I would work on it. Try feeding 25% of the new stuff and move to 100% over a week, then back to the old. If it goes well then repeat with the other flavor. You would be training the gut to be more flexible. We train the gut to be so sensitive when we feed the same exact food in the same exact amount at the same exact time every day. Probably not a good idea to be so inflexible!

Sassy was a pain to switch kibbles but I got brave when cooking for her. I changed one of the ingredients in that cooked food at a time and once she had been on potato, rice, pasta, pork, beef and chicken I could then mix it up as I pleased.


----------



## PackMomma (Sep 26, 2011)

I believe the Lamb & Apple is a grain-based variety of Acana - but it still has good protien sources but if you haven't been feeding your dogs a grain-based diet in the past just be cautious of their reactions when you go from Acana's grain free (Grasslands, Ranchlands, Wild Prairie & Pacifica) to the Lamb & Apple.

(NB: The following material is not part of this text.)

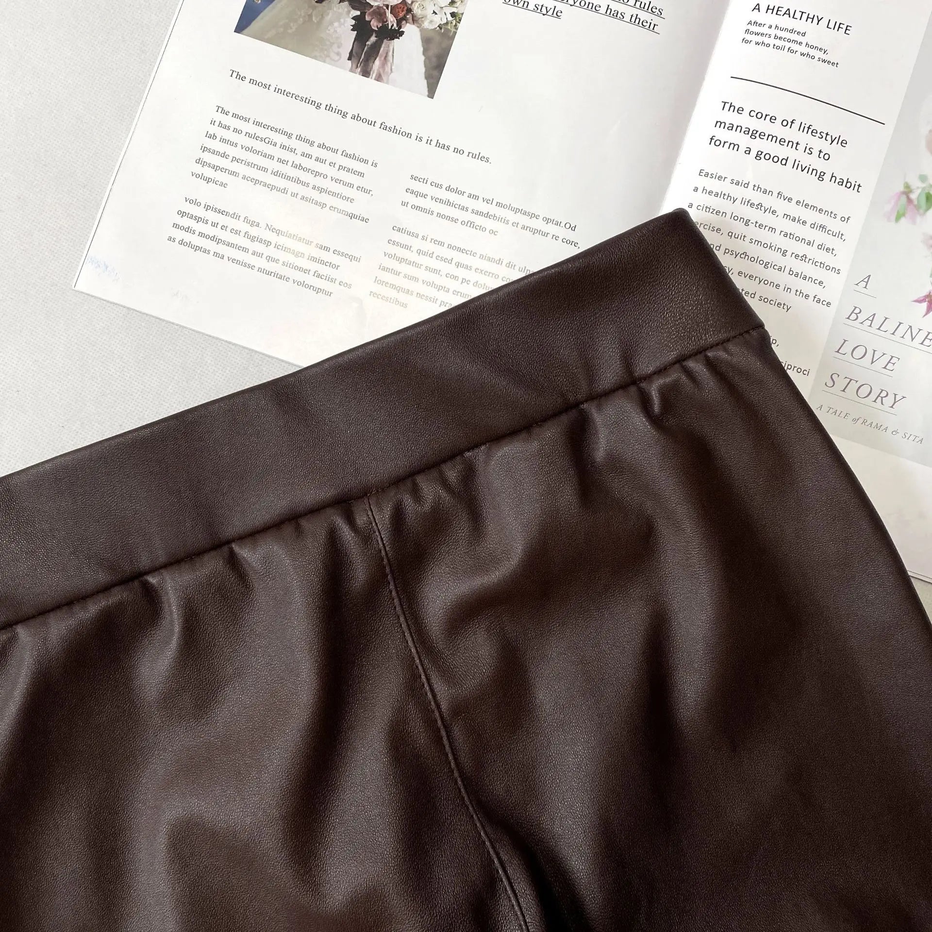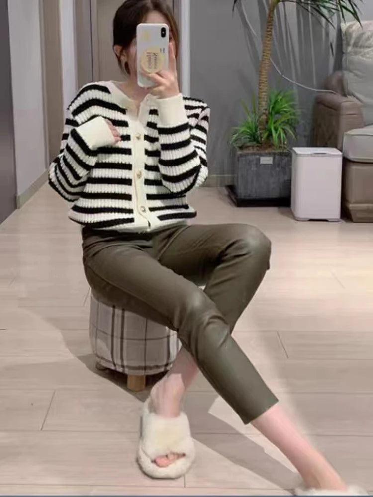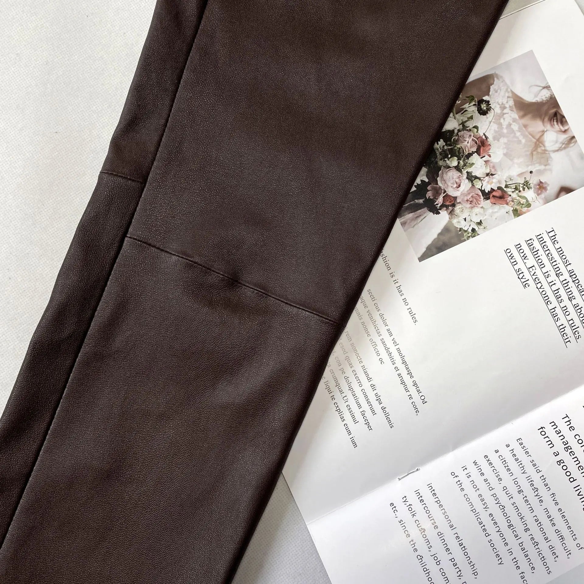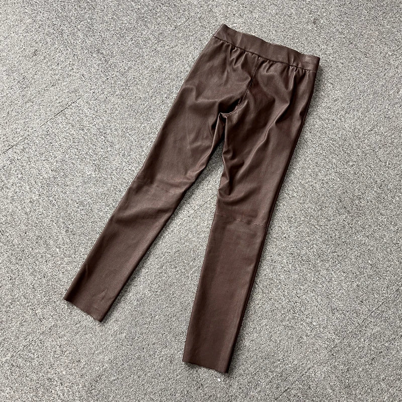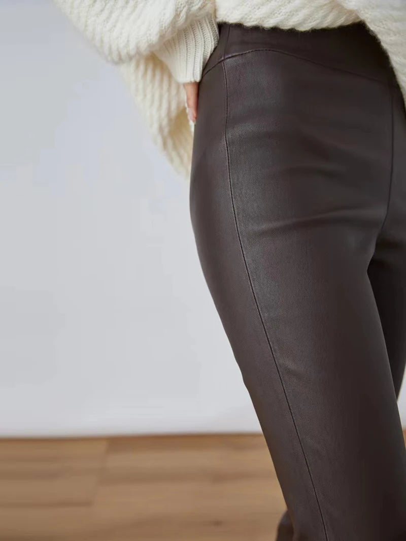 Women's Genuine Sheepskin Leather Simple Casual Elastic Waist Skinny Pants

I personally have been including all of Acana's grain-free line in my mix and rotating through the varieties for the last few years with no issues - but I dont feed the grain inclusive so I can't tell you anything about Lamb & Apple. 

I'm a big fan of rotation, I also mix 3-4 brands together at once, I"ll stick to a few brands that I like but then I just rotate through their varieties and flavors. But I stick with grain-free, I just recently tried including a grain-based kibble into my grain-free mix and my dogs instantly got itchy dry skin, and Thumper lost hair in some spots. No more grain inclusive foods for my dogs. My current mix is Acana Grasslands, Fromm's Surf & Turf & Nature's Variety Instinct Turkey & Duck. I also use Orijen, NOW! & Timberwolf's grain-free variety. These brands I pretty much stick with in my mix/rotation as my dogs always seem to do great on all of them and the varieties.


----------